All entries should be copied exactly; the pictures stay out.

##### PROVIDED RECORDS #####

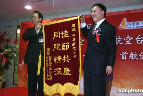 國(guó)航董事長(zhǎng)李家祥(右)向臺(tái)灣華航董事長(zhǎng)江耀宗贈(zèng)送禮品。作者:邢利宇
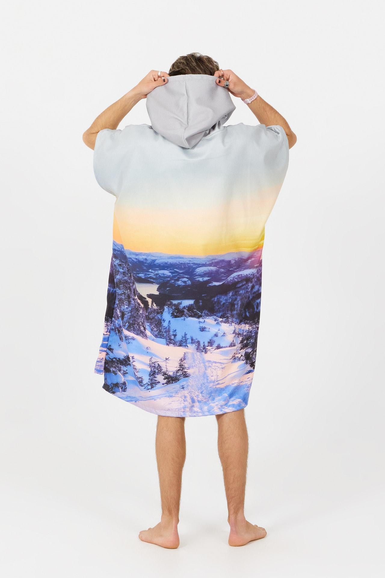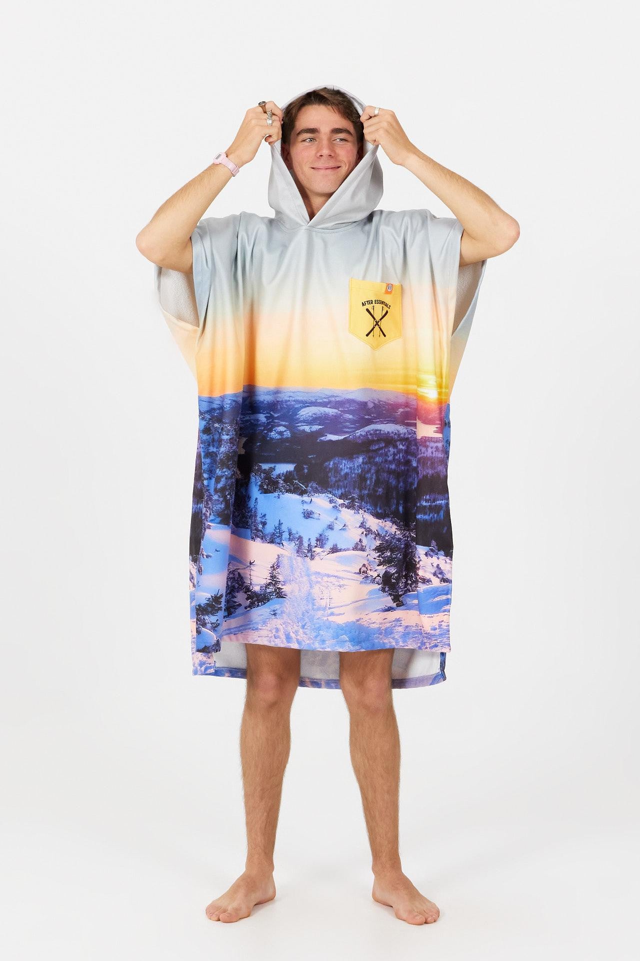 Entre lumière et froid, ce poncho évoque les couleurs et l’énergie des matins scandinaves. Confectionné en tissu éponge ultra absorbant, il te garantit chaleur et confort après une baignade, une randonnée ou une pause en pleine nature. Sa coupe ample et sa capuche enveloppante facilitent l’enfilage, tandis que ses ouvertures latérales pratiques te permettent de te changer rapidement, même en extérieur.
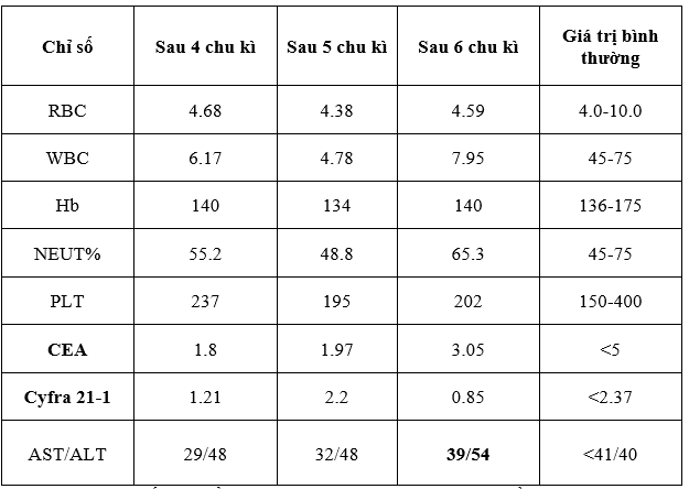 Nhận xét: Các chất chỉ điểm CEA, Cyfra 21-1 sau các chu kì điều trị duy trì trong giới hạn bình thường, bệnh nhân có tăng men gan nhẹ sau 5 chu kì điều trị.
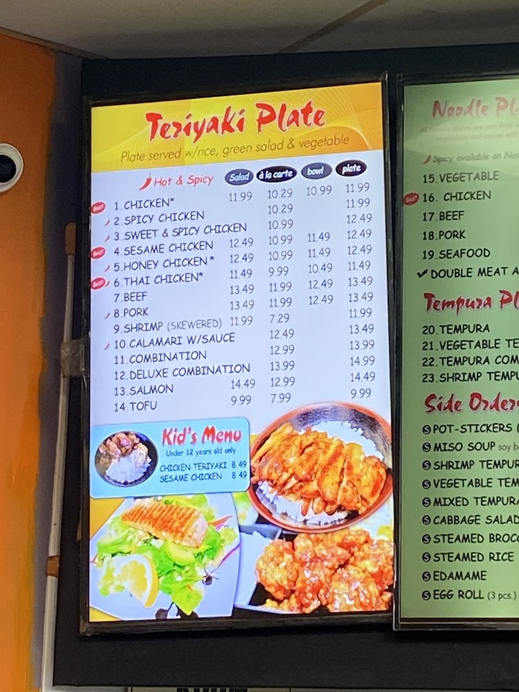 “ I came to this location during the pandemic. I wasn't too impressed then. I get the same thing each time, the spicy Thai chicken plate. The last time the chicken didn't seem chard enough. This time the chicken was perfect. It has returned to what I remember. I visit other locations of this chain throughout the year. The service as good. Got our meal fairly quickly. The facility is cleaned and maintained. I rated this 4 stars since they took off the macaroni salad off the menu. Also they removed the little section where you could serve yourself teriyaki sauce, hot sixes and other items. ”
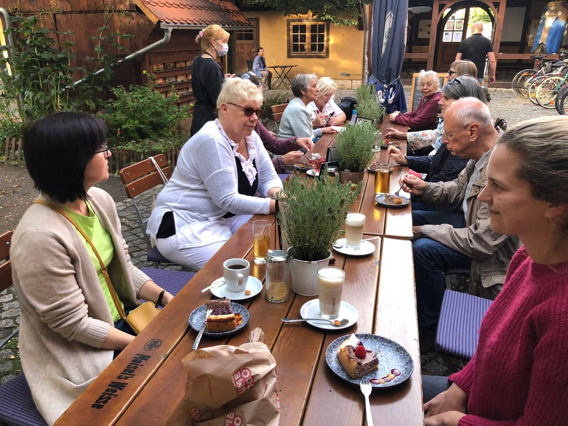 Im Anschluss gab es im Café Bienenstock bei leckerem (Zwiebel-)Kuchen und traditionellem Federweißen einen sonnigen Austausch über Erlebnisse und Erfahrungen im Ehrenamt als Guter Nachbar.
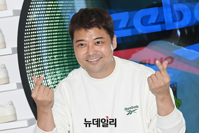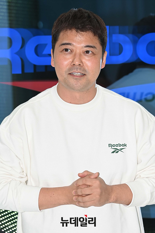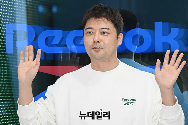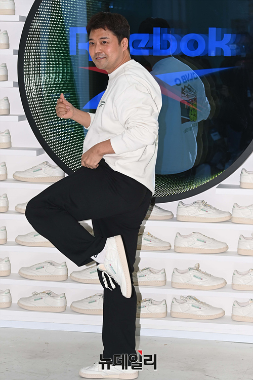방송인 전현무가 22일 오후 서울 성동구 퓨처 소사이어티에서 열린 '리복 런칭 파티 셀럽'에서 열린 행사에서 포즈를 취하고 있다.
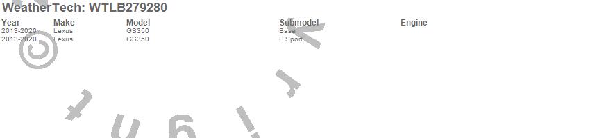Below is an abbreviated list of applications for the All Weather Floor Mats.GS350, Lexus, 2020, 2019, 2018, 2017, 2016, 2015, 2014, 2013
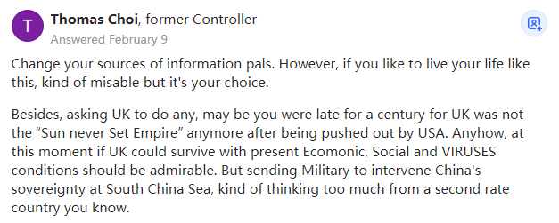 前财务总监,1976年毕业于多伦多大学,工商管理学士,会计专业教授朋友,换个信息来源吧。不过如果你喜欢活在自我中,这虽然有点误导你但这是你的选择。再说,你想要英国做点什么?你可能迟到了一个世纪,因为在被美国赶出去之后,英国已经不是“日不落帝国”了。但不管怎样,如果英国能在目前的经济、社会情况以及大流行的条件下生存下来,那还是令人钦佩的。但说到派遣军队干涉中国在南中国海的主权,你知道的,这对于一个二流国家来说纯属想多了。
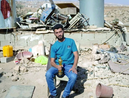 Basel Adra holds up his Oscar in the village of At Tuwani in the occupied West Bank. Photo: Al Monitor
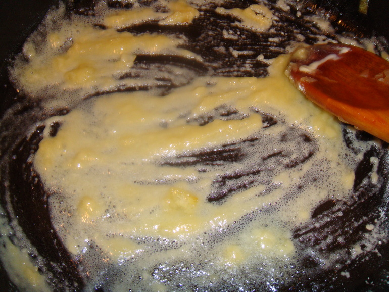 На сковороде со сливочным маслом поджарить 2 ст.л. муки::

#####

◆ RESULT:
 國(guó)航董事長(zhǎng)李家祥(右)向臺(tái)灣華航董事長(zhǎng)江耀宗贈(zèng)送禮品。作者:邢利宇
 Entre lumière et froid, ce poncho évoque les couleurs et l’énergie des matins scandinaves. Confectionné en tissu éponge ultra absorbant, il te garantit chaleur et confort après une baignade, une randonnée ou une pause en pleine nature. Sa coupe ample et sa capuche enveloppante facilitent l’enfilage, tandis que ses ouvertures latérales pratiques te permettent de te changer rapidement, même en extérieur.
 Nhận xét: Các chất chỉ điểm CEA, Cyfra 21-1 sau các chu kì điều trị duy trì trong giới hạn bình thường, bệnh nhân có tăng men gan nhẹ sau 5 chu kì điều trị.
 “ I came to this location during the pandemic. I wasn't too impressed then. I get the same thing each time, the spicy Thai chicken plate. The last time the chicken didn't seem chard enough. This time the chicken was perfect. It has returned to what I remember. I visit other locations of this chain throughout the year. The service as good. Got our meal fairly quickly. The facility is cleaned and maintained. I rated this 4 stars since they took off the macaroni salad off the menu. Also they removed the little section where you could serve yourself teriyaki sauce, hot sixes and other items. ”
 Im Anschluss gab es im Café Bienenstock bei leckerem (Zwiebel-)Kuchen und traditionellem Federweißen einen sonnigen Austausch über Erlebnisse und Erfahrungen im Ehrenamt als Guter Nachbar.
방송인 전현무가 22일 오후 서울 성동구 퓨처 소사이어티에서 열린 '리복 런칭 파티 셀럽'에서 열린 행사에서 포즈를 취하고 있다.
Below is an abbreviated list of applications for the All Weather Floor Mats.GS350, Lexus, 2020, 2019, 2018, 2017, 2016, 2015, 2014, 2013
 前财务总监,1976年毕业于多伦多大学,工商管理学士,会计专业教授朋友,换个信息来源吧。不过如果你喜欢活在自我中,这虽然有点误导你但这是你的选择。再说,你想要英国做点什么?你可能迟到了一个世纪,因为在被美国赶出去之后,英国已经不是“日不落帝国”了。但不管怎样,如果英国能在目前的经济、社会情况以及大流行的条件下生存下来,那还是令人钦佩的。但说到派遣军队干涉中国在南中国海的主权,你知道的,这对于一个二流国家来说纯属想多了。
 Basel Adra holds up his Oscar in the village of At Tuwani in the occupied West Bank. Photo: Al Monitor
 На сковороде со сливочным маслом поджарить 2 ст.л. муки::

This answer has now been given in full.